Let $$f(t) = \int_0^t \cos\left(-1+\frac{ix}{\omega}\right)e^{-x}dx,$$ Let $\alpha = -1+\frac{ix}{\omega}$. We know that $$\cos\left(-1+\frac{ix}{\omega}\right)e^{-x} = \cos(\alpha)e^{-x} = \frac{e^{i\alpha } + e^{-i\alpha }}{2}e^{-x} = \frac{1}{2}e^{-i}e^{\frac{-x}{\omega} - x} + \frac{1}{2}e^{i}e^{\frac{x}{\omega} - x}$$ So we have $$f(t) = \frac{1}{2}e^{-i}\int_0^t e^{\frac{-x}{\omega} - x}dx + \frac{1}{2}e^{i}\int_0^t e^{\frac{x}{\omega} - x}dx = \frac{1}{2}e^{-i}\frac{1-e^{\frac{-t}{\omega} - t}}{\frac{1}{\omega} + 1} + \frac{1}{2}e^{i}\frac{e^{\frac{t}{\omega} - t} - 1}{\frac{1}{\omega} - 1} = \frac{-e^{\frac{-t}{\omega} - t - i}}{2(\frac{1}{\omega} + 1)} + \frac{e^{\frac{t}{\omega} - t + i}}{2 (\frac{1}{\omega} - 1)} + \frac{e^{-i}}{2 (\frac{1}{\omega} + 1)} - \frac{e^i}{2 (\frac{1}{\omega} - 1)}$$ Note that the two last terms are constant. If $\omega \gt 1$ or $\omega \lt -1$ $$\lim_{t \to \infty}\frac{-e^{\frac{-t}{\omega} - t - i}}{2(\frac{1}{\omega} + 1)} = \lim_{t \to \infty} \frac{e^{\frac{t}{\omega} - t + i}}{2 (\frac{1}{\omega} - 1)} =0$$ And $$\lim_{t \to \infty} f(t) = \frac{e^{-i}}{2 (\frac{1}{\omega} + 1)} - \frac{e^i}{2 (\frac{1}{\omega} - 1)}$$ When $-1\lt\omega \lt 1$ we have $\frac{-1}{\omega} - 1 \gt 1$ or $\frac{1}{\omega} - 1 \gt 1$ and so the improper integral diverges. Additionally $\omega = 1$ or $\omega = -1$ leads to a divergent improper integral because in those cases $f(t) = t + (\dots)$. If you want to use epsilon-delta definition, prove that $\lim_{x \to \infty} e^{ax} = 0$ if $a\lt 0$ and if $a \gt 0$ then $\lim_{x \to \infty} e^{ax} = \infty$.

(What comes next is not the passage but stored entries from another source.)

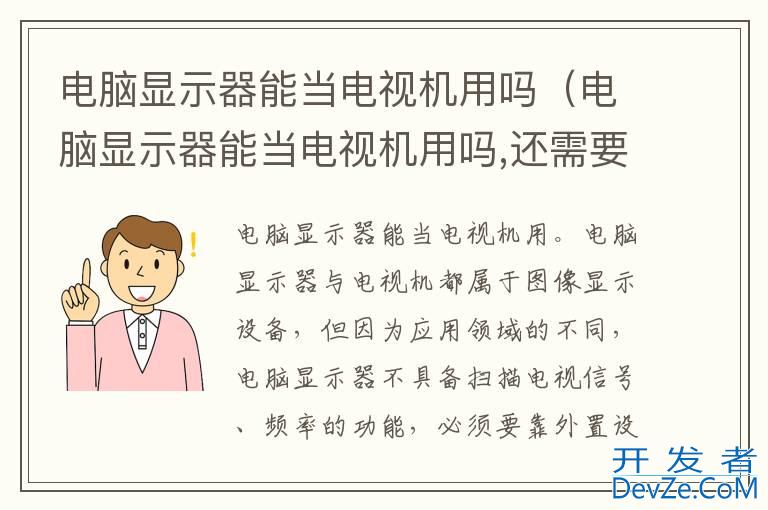 品牌型号:方正电脑显示器 系统:27ER8R3P开发者_StackOverflow 电脑显示器能当电视机用。电脑显示器与电视机都属于图像显示设备,但因为应用领域的不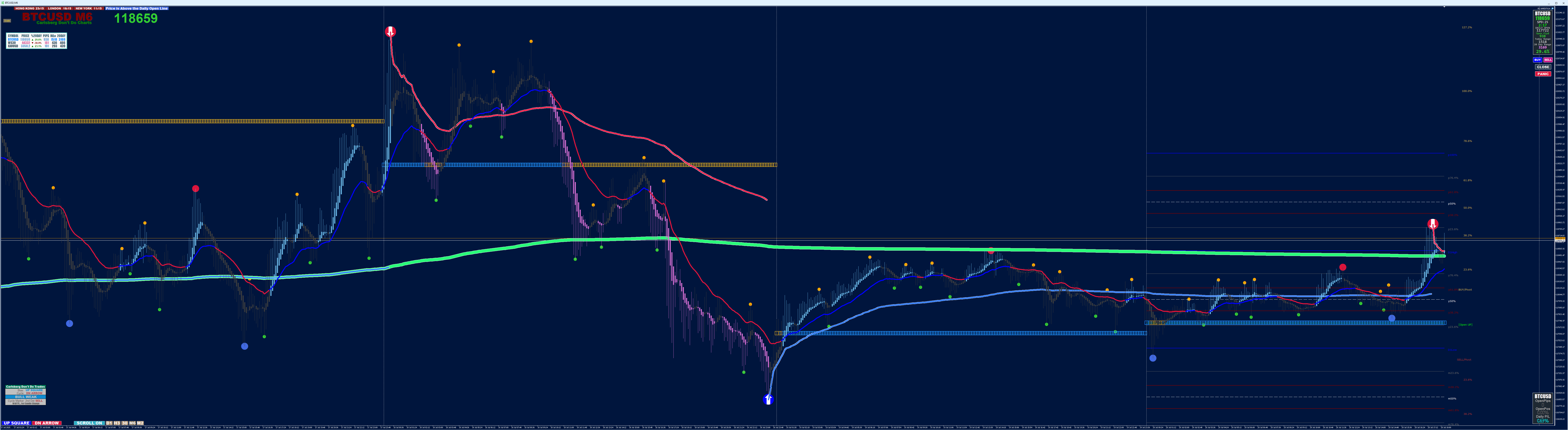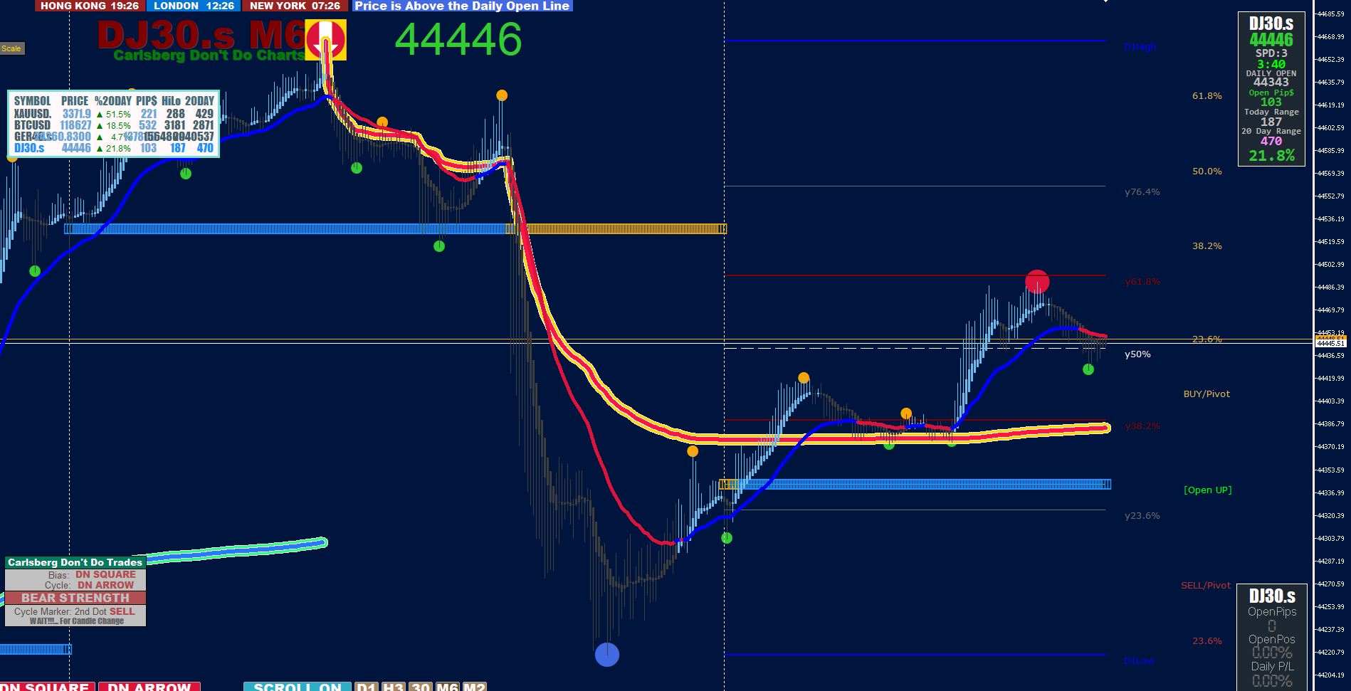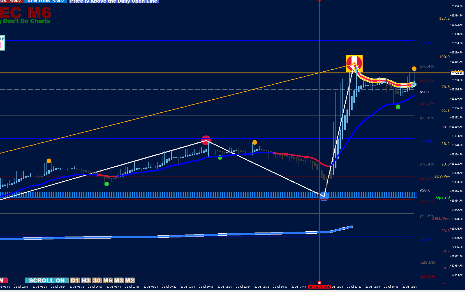 With v10.04 on AUS200, the directional indication displays correctly on M5, but on M6, the directional indication for today's chart is reversed ie. no short candles indicated below the Vwap line, but long candles are displayed towards the Vwap.
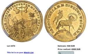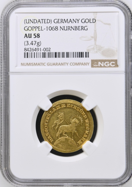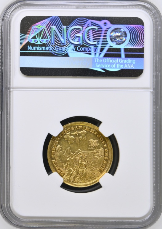 神聖ローマ帝国ニュルンベクラム洗礼1ダカットNGC AU58になります。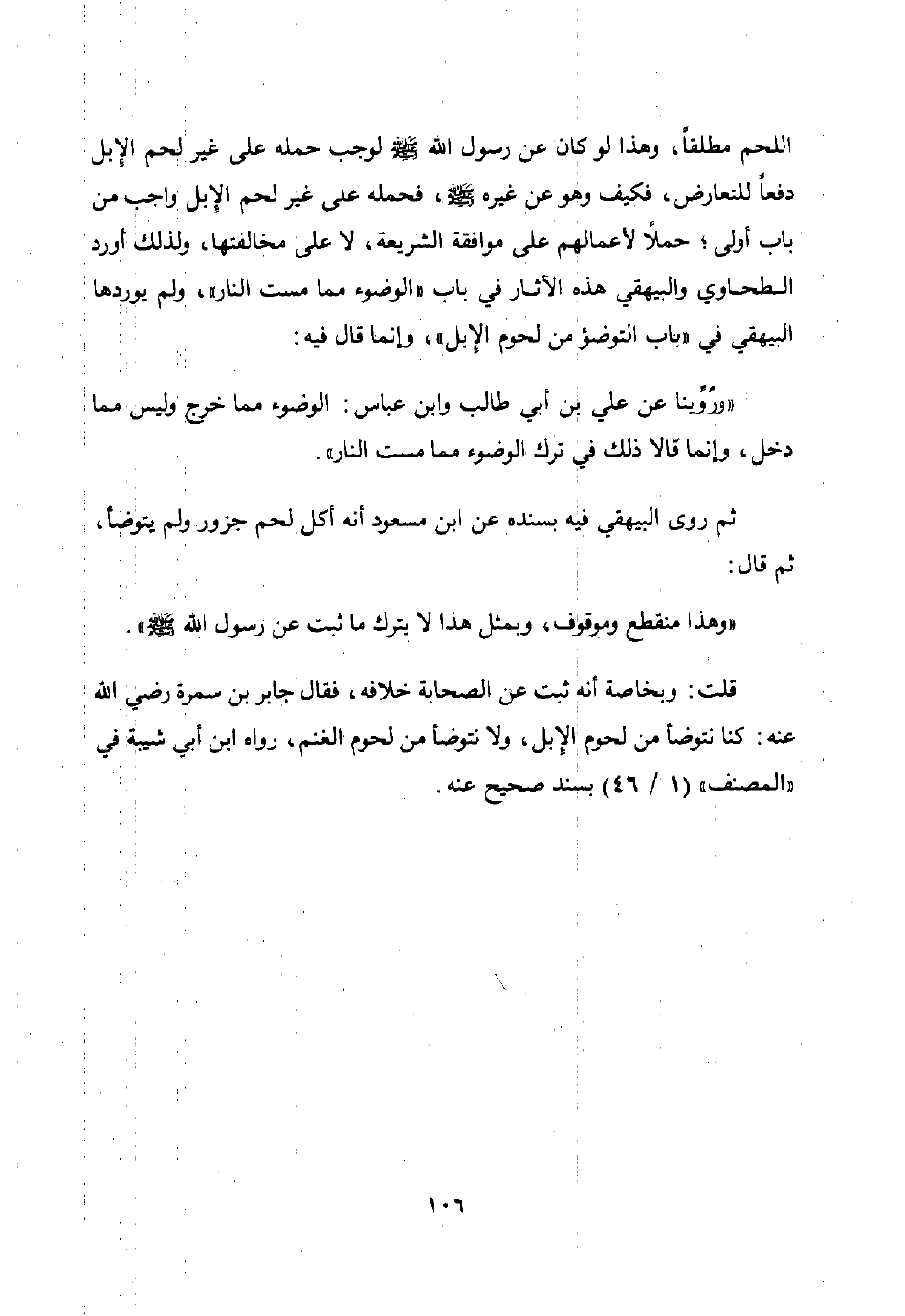 قلت: وبخاصة أنه ثبت عن الصحابة خلافه فقال جابر بن سمرة رضي الله عنه: كنا نتوضأ من لحوم الإبل ولا نتوضأ من لحوم الغنم رواه ابن أبي شيبة في "المصنف" 1 / 46 بسند صحيح عنه

Another way to do that is Laplace transform. We have $$\cos\left(-1+\frac{ix}{\omega}\right) = \cos(1) \cosh(\frac{x}{\omega}) + i \sin(1) \sinh(\frac{x}{\omega})$$ It's known that if $\Re\{s\} \gt |\alpha|$ $$\mathcal L \{\sinh \alpha x \} = \frac{\alpha}{s^2 - \alpha^2}$$ And $$\mathcal L \{\cosh \alpha x \} = \frac{s}{s^2 - \alpha^2}$$ Let $s = 1$ and $\alpha = \frac{1}{\omega}$ so if $1 \gt |\frac{1}{\omega}|$ or equivalently $|\omega| \gt 1$ $$\int_0^\infty \cos\left(-1+\frac{ix}{\omega}\right)e^{-x}dx = \cos(1)\frac{1}{1^2 - (\frac{1}{\omega})^2} + i \sin(1) \frac{\frac{1}{\omega}}{1^2 - (\frac{1}{\omega})^2}$$ which is the same as the former result after rearranging.